Berita Riau

STORY - Kisah Sedih Nuri Akibat Kabut Asap di Riau, Trauma karena Kehilangan Anak hingga Derita Asma

Story atau kisah sedih Nuri akibat kabut asap di Riau, trauma karena kehilangan anak hingga saat ini sedang menderita asma

STORY - Kisah Sedih Nuri Akibat Kabut Asap di Riau, Trauma karena Kehilangan Anak hingga Derita Asma
Tribun Pekanbaru/Nasuha Nasution/Kolase/Instagaram/@shendra_poetjang
STORY - Kisah Sedih Nuri Akibat Kabut Asap di Riau, Trauma karena Kehilangan Anak hingga Derita Asma 

STORY - Kisah Sedih Nuri Akibat Kabut Asap di Riau, Trauma karena Kehilangan Anak hingga Derita Asma

TRIBUNPEKANBARU.COM, PEKANBARU - Story atau kisah sedih Nuri akibat kabut asap di Riau, trauma karena kehilangan anak hingga saat ini sedang menderita asma.

Air mata Nuri Andre Labamba ibu rumah tangga asal Rumbai Pekanbaru terus mengucur tidak bisa menahan kesedihan saat kehilangan anaknya Akbar Assyfa (3) yang meninggal 2011 lalu akibat terpapar asap.

Baca: Penjelasan Ilmiah BAHAYA Asap Bagi Ibu Hamil dan Janin, Kematian Janin, Pingsan hingga Infeksi Rahim

Baca: Tak Guna Jokowi ke Riau, Kita Butuh Api Padam Asap Hilang, Ucapan Anggota DPRD Riau dari PKB

Baca: Janin Susi Sempat Tidak Bergerak Dalam Perut, Ibu Hamil Korban Asap dalam Bencana Kabut Asap di Riau

Baca: Kabut Asap di Riau BERBAHAYA Bagi Ibu Hamil atau Wanita Hamil, Ini Penjelasan Dokter KANDUNGAN Zaldy

Baca: Penerbangan di Bandara SSK II Pekanbaru Terganggu Akibat Kabut Asap di Riau, Jarak Pandang Berkurang

Seakan menjadi trauma yang hebat dalam hidupnya ketika bencana asap kembali berulang di Riau.

Tidak hanya kehilangan anak akibat bencana asap, Nuri Andre Labamba juga saat ini menderita asma berkepanjangan akibat terpapar asap beberapa tahun lalu sehingga bencana asap akibat Karhutla yang terjadi di Riau menjadi momok yang menyiksa hidup dan masa depan ibu dua anak ini.

Tahun 2019 ini, Nuri kembali dirundung kesedihan dan penderitaan karena asap kembali menyerang wilayah tempat tinggalnya, bahkan Nuri harus rela tinggal di posko pengungsian untuk tetap bisa bertahan hidup.

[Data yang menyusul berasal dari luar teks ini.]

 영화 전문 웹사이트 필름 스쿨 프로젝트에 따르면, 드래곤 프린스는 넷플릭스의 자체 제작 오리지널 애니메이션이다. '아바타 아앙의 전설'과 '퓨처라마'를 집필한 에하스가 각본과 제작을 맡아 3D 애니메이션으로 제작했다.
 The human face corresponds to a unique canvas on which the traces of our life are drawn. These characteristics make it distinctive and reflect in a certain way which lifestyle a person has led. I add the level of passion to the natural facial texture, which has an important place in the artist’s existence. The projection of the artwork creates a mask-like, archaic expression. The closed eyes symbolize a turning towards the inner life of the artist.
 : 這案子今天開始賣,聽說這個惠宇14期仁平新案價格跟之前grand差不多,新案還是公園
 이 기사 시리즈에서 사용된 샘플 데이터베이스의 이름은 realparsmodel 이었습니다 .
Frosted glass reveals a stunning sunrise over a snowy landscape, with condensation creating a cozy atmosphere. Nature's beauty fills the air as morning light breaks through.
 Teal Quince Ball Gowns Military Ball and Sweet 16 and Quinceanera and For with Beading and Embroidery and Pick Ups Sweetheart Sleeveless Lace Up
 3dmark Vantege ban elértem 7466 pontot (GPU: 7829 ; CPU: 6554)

Nuri masuk ke posko pengungsian pada Jumat (13/9/2019) lalu, awalnya Nuri sudah diserang sesak saat masih bertahan di rumahnya, sempat dilarikan ke RS Santa Maria karena sesak nafas yang dideritanya semakin parah.

Kemudian anaknya paling bungsu Adelia (6) juga saat itu sudah menderita sesak dan batuk akibat asap, setelah mendapatkan informasi ada tempat pengungsian, Nuri bersama keluarga meminta bantuan untuk dijemput relawan.

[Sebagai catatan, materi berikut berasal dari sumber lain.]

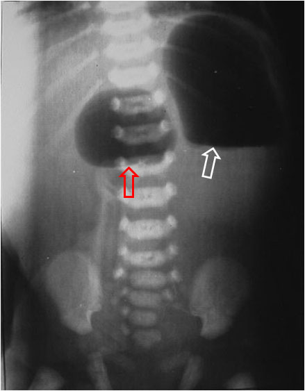 SIGNO DE LA DOBLE BURBUJAdoble burbujaSigno de obstrucción duodenal visible en la radiografía simple de abdomen del neonato, que consiste en la distensión por gas del estómago (flecha blanca) y de la porción del duodeno proximal a la obstrucción (flecha roja). Las causas incluyen: atresia duodenal, páncreas anular, vólvulo intestinal, membrana duodenal, malrotación y vena porta preduodenal.
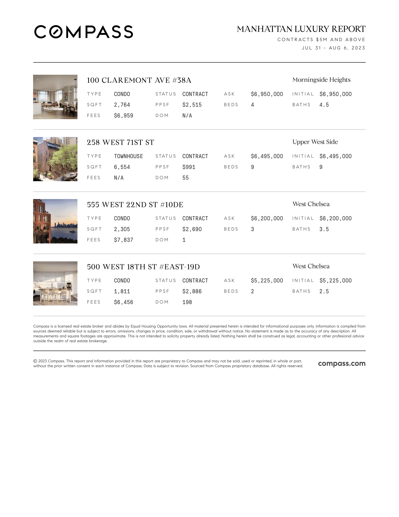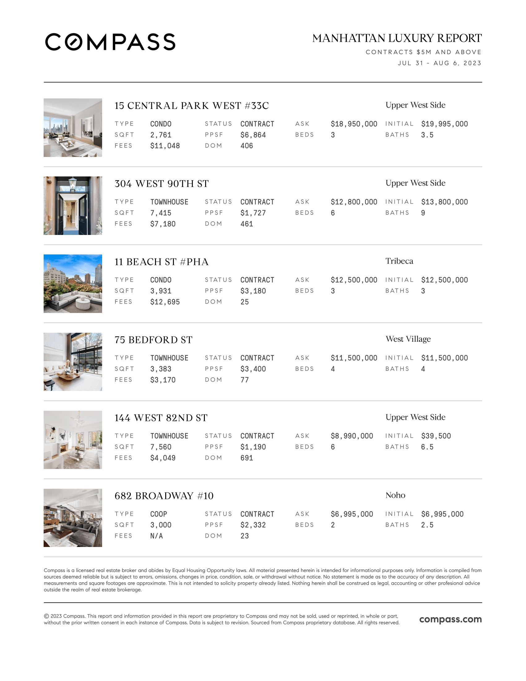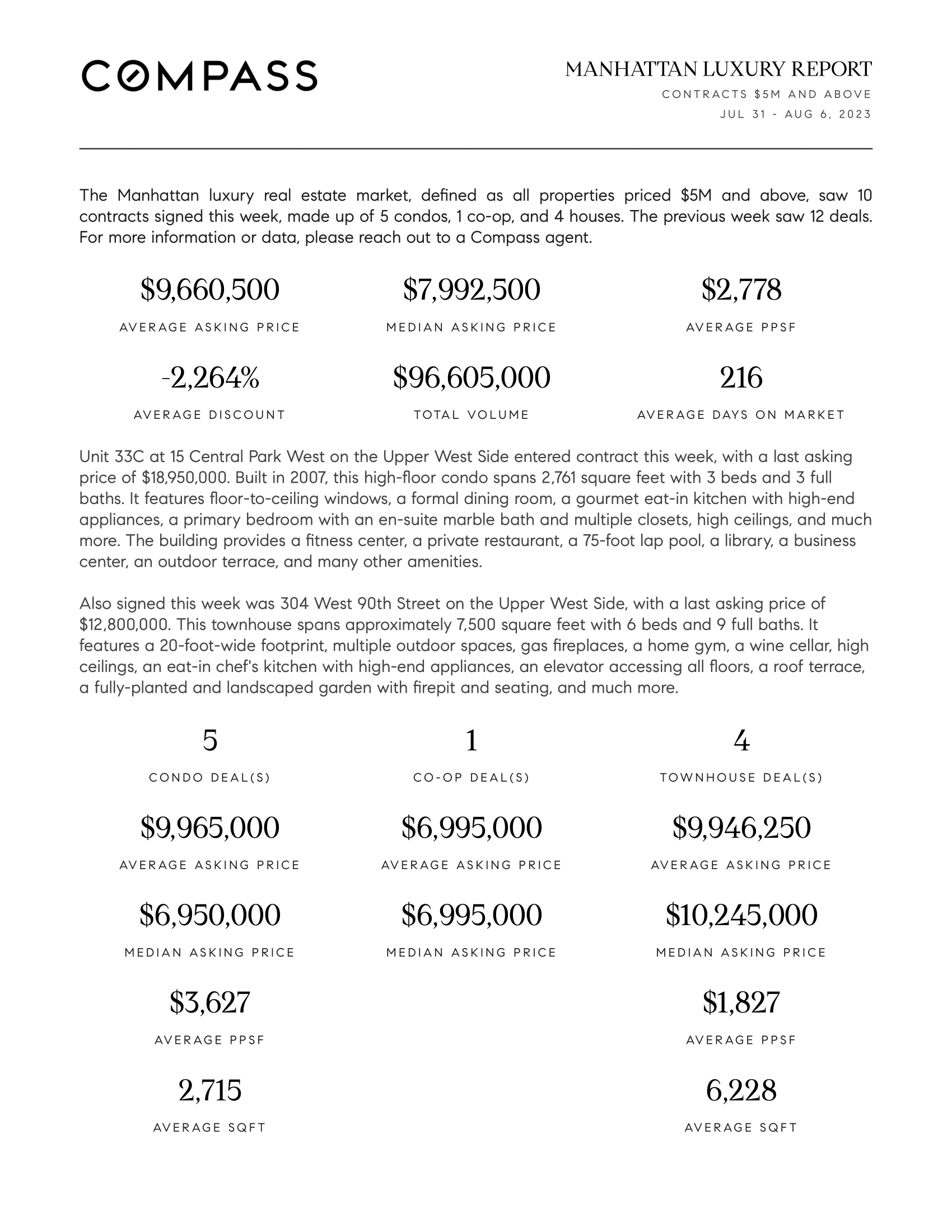 Manhattan Luxury Report: July 31 - August 6, 2023
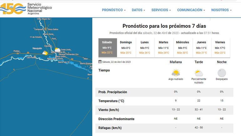 El Servicio Meteorológico Nacional (SMN) pronosticó para esta mañana cielo algo nublado y una temperatura de 9 grados, mientras que en horas de la tarde ascenderá a los 22 grados de máxima con viento de moderado a fuerte y ráfagas entre 42 y 50 kilómetros por hora. Hacia la noche estará despejado y la temperatura descenderá a los 15 grados. El viento por la noche será débil.
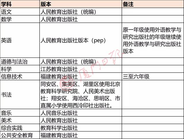 廈門市各中小學(xué)學(xué)科教材使用版本

Nuri trauma kisah masa lalunya yang harus kehilangan anaknya saat itu, ia pun tidak ingin itu terulang pada anaknya Adelia yang sempat membiru bagian bibirnya akibat terpapar asap.

"Alhamdulillah setelah kami di pengungsian bisa lebih nyaman dan sekarang tidak perlu lagi pakai obat, sesaknya sudah hilang," ujar Nuri yang tinggal di pengungsian bersama anaknya Adelia sedangkan dua anaknya yang sudah berusia diatas lima tahun tetap bertahan dengan suaminya di Rumah.

Baca: Warga Riau TERCIDUK Petugas Patroli Karhutla Saat Membakar Lahan, Malahan Ada yang Sempat Viral

Baca: Libur Sekolah di Tiga KABUPATEN di Riau Diperpanjang Akibat Kabut Asap di Riau Tebal dan Berbahaya

Baca: Single Salary ASN Pemprov Riau Belum Dibayarkan, Ini Penjelasan BPKAD Riau

Baca: Warga TANTANG Gakum KLHK untuk Tunjuk Batas Lahan TNTN Riau Pascapenangkapan Tiga Perambah TNTN

Halaman
1234
Penulis: Nasuha Nasution
Editor: Nolpitos Hendri
Ikuti kami di
KOMENTAR

BERITA TERKINI

© 2019 TRIBUNnews.com Network,a subsidiary of KG Media.